I'm not at my desk so I don't have a price. But I'll nitpick anyway. 

"Plugs" :laughing:

80 CFM Fans? Useless in all but the smallest of baths and what does "electrically install" mean?

Rope light? Excuse me for a sec, I just threw up in my mouth



What's the fixture package allowance? Can you explain?


----------



## HARRY304E (Sep 15, 2010)

electricmanscott said:


> I'm not at my desk so I don't have a price. But I'll nitpick anyway.
> 
> "Plugs" :laughing:
> 
> ...


Wow ! Thats all that ever comes out of your mouth is puke:laughing:


----------



## electricmanscott (Feb 11, 2010)

HARRY304E said:


> Wow ! Thats all that ever comes out of your mouth is puke:laughing:


Legit questions Harry. 

He asked for a review so I reviewed. Don't ask the questions if you may like the answers. :thumbsup:


----------



## HARRY304E (Sep 15, 2010)

electricmanscott said:


> I'm not at my desk so I don't have a price. But I'll nitpick anyway.
> 
> "Plugs" :laughing:
> 
> ...


Heres your anwser
"Plugs"=Recptacles

"electrically install"= Wire them only duct work done by others.

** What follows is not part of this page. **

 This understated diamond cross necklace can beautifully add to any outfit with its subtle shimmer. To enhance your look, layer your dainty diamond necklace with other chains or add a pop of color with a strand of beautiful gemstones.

What's the fixture package allowance= Fixtures bought by others.


I hope that helps you out Scott:thumbsup:


----------



## elecpatsfan (Oct 1, 2010)

electricmanscott said:


> I'm not at my desk so I don't have a price. But I'll nitpick anyway.
> 
> "Plugs" :laughing:
> 
> ...


That's the money to buy all of the fixtures. Its a spec house and builder wants package quoted as a line item


----------



## HARRY304E (Sep 15, 2010)

Rope lights =


----------



## Old man (Mar 24, 2010)

Rope lights look good in a trey ceiling in the master bedroom. I refer to them as sex lights.


----------



## HARRY304E (Sep 15, 2010)

elecpatsfan said:


> Hey all you smart guys (and smart *sses) tell me what you think of my price to wire a 4800sqft w/ 2-car gar. This house is in one of the ritziest towns on cape cod, the lot is overlooking the ocean. I'd like to see a nice profit, but I don't want to lose out on the job either. You guys think I'm too high, too low?
> 
> 
> 
> ...


 Your price works out to $9.60 per sqft that may be too high.
See if you can call around and try to get a square foot price from other EC's
There are a lott of guys out there charging as low as $4.00 per square foot.


----------



## 10492 (Jan 4, 2010)

elecpatsfan said:


> Hey all you smart guys (and smart *sses) tell me what you think of my price to wire a 4800sqft w/ 2-car gar. This house is in one of the ritziest towns on cape cod, the lot is overlooking the ocean. I'd like to see a nice profit, but I don't want to lose out on the job either. You guys think I'm too high, too low?
> 
> 
> 
> ...


 
Just a quick question(s)....

Is this the way you presented it, to the customer? Just like this, on letter head?:001_huh:


----------



## 10492 (Jan 4, 2010)

HARRY304E said:


> Your price works out to $9.60 per sqft that may be too high.


 
Not really. It could be cheap.



HARRY304E said:


> See if you can call around and try to get a square foot price from other EC's


NOT. If someone was to call me and ask me what I charge /ft for anything, I'd lie to them. Big time.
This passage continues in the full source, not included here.